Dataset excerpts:
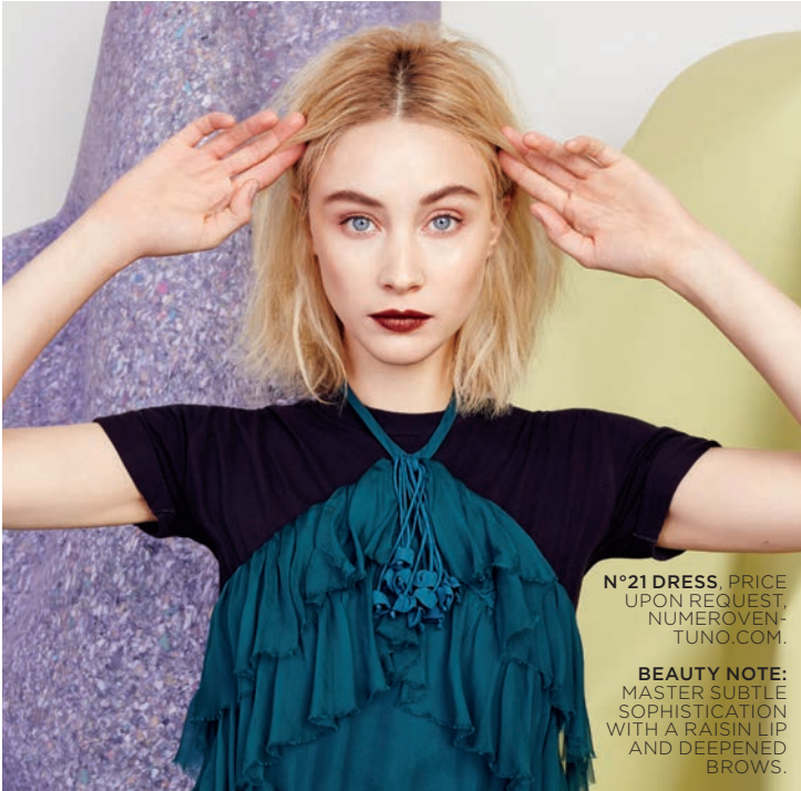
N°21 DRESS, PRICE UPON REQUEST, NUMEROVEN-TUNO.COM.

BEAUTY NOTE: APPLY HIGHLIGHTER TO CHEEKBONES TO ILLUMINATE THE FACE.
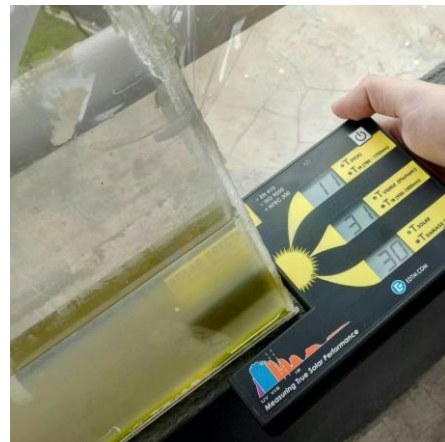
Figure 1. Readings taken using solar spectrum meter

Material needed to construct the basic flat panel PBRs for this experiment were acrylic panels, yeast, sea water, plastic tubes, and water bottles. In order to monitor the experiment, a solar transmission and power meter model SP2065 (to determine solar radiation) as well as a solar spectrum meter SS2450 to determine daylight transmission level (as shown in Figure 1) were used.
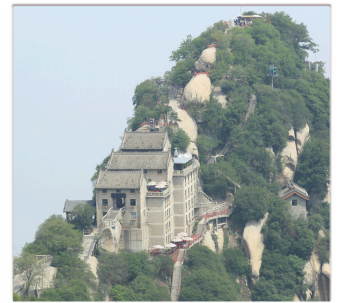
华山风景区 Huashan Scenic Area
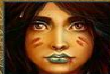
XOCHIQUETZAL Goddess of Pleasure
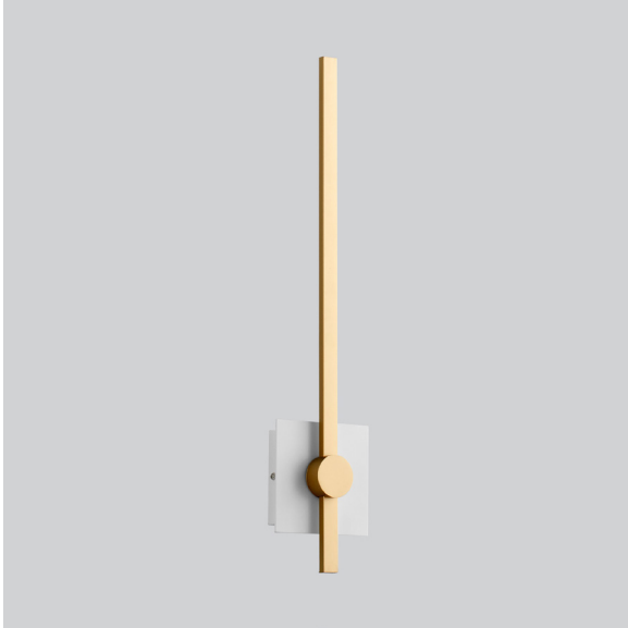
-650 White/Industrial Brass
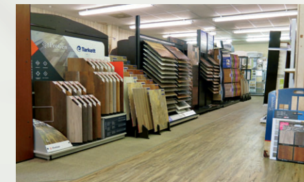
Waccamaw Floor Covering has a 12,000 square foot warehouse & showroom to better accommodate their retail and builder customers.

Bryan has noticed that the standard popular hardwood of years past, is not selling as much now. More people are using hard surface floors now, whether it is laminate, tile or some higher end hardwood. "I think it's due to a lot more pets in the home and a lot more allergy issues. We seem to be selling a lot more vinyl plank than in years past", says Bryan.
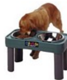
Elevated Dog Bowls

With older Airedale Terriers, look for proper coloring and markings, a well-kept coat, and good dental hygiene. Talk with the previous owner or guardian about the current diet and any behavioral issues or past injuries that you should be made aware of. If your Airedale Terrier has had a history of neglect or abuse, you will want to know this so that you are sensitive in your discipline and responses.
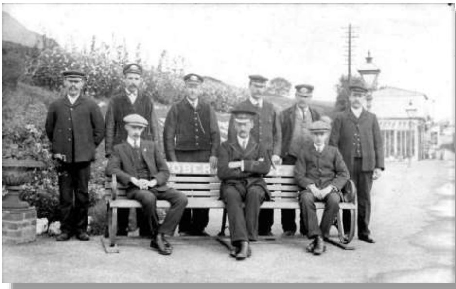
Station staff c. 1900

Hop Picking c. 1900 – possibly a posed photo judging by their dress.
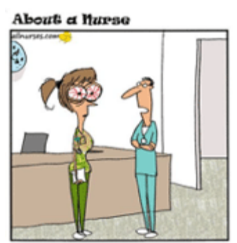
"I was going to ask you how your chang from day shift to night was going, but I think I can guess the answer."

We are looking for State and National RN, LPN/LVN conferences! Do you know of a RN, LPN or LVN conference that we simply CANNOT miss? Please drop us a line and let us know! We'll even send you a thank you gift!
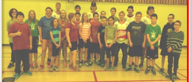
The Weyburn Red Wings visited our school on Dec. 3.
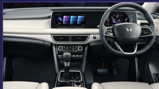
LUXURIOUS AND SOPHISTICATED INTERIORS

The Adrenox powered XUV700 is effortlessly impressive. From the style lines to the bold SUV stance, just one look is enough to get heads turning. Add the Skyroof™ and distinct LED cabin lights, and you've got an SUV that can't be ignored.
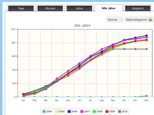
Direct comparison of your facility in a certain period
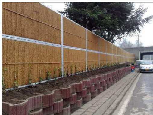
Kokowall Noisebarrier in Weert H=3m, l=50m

** AIM OF THE EXERCISE **
Please print exactly the lines from the line containing "Material needed to" through the end of the records above, both included, leaving out every picture.

** TASK RESULT **
Material needed to construct the basic flat panel PBRs for this experiment were acrylic panels, yeast, sea water, plastic tubes, and water bottles. In order to monitor the experiment, a solar transmission and power meter model SP2065 (to determine solar radiation) as well as a solar spectrum meter SS2450 to determine daylight transmission level (as shown in Figure 1) were used.
华山风景区 Huashan Scenic Area
XOCHIQUETZAL Goddess of Pleasure
-650 White/Industrial Brass
Waccamaw Floor Covering has a 12,000 square foot warehouse & showroom to better accommodate their retail and builder customers.

Bryan has noticed that the standard popular hardwood of years past, is not selling as much now. More people are using hard surface floors now, whether it is laminate, tile or some higher end hardwood. "I think it's due to a lot more pets in the home and a lot more allergy issues. We seem to be selling a lot more vinyl plank than in years past", says Bryan.
Elevated Dog Bowls

With older Airedale Terriers, look for proper coloring and markings, a well-kept coat, and good dental hygiene. Talk with the previous owner or guardian about the current diet and any behavioral issues or past injuries that you should be made aware of. If your Airedale Terrier has had a history of neglect or abuse, you will want to know this so that you are sensitive in your discipline and responses.
Station staff c. 1900

Hop Picking c. 1900 – possibly a posed photo judging by their dress.
"I was going to ask you how your chang from day shift to night was going, but I think I can guess the answer."

We are looking for State and National RN, LPN/LVN conferences! Do you know of a RN, LPN or LVN conference that we simply CANNOT miss? Please drop us a line and let us know! We'll even send you a thank you gift!
The Weyburn Red Wings visited our school on Dec. 3.
LUXURIOUS AND SOPHISTICATED INTERIORS

The Adrenox powered XUV700 is effortlessly impressive. From the style lines to the bold SUV stance, just one look is enough to get heads turning. Add the Skyroof™ and distinct LED cabin lights, and you've got an SUV that can't be ignored.
Direct comparison of your facility in a certain period
Kokowall Noisebarrier in Weert H=3m, l=50m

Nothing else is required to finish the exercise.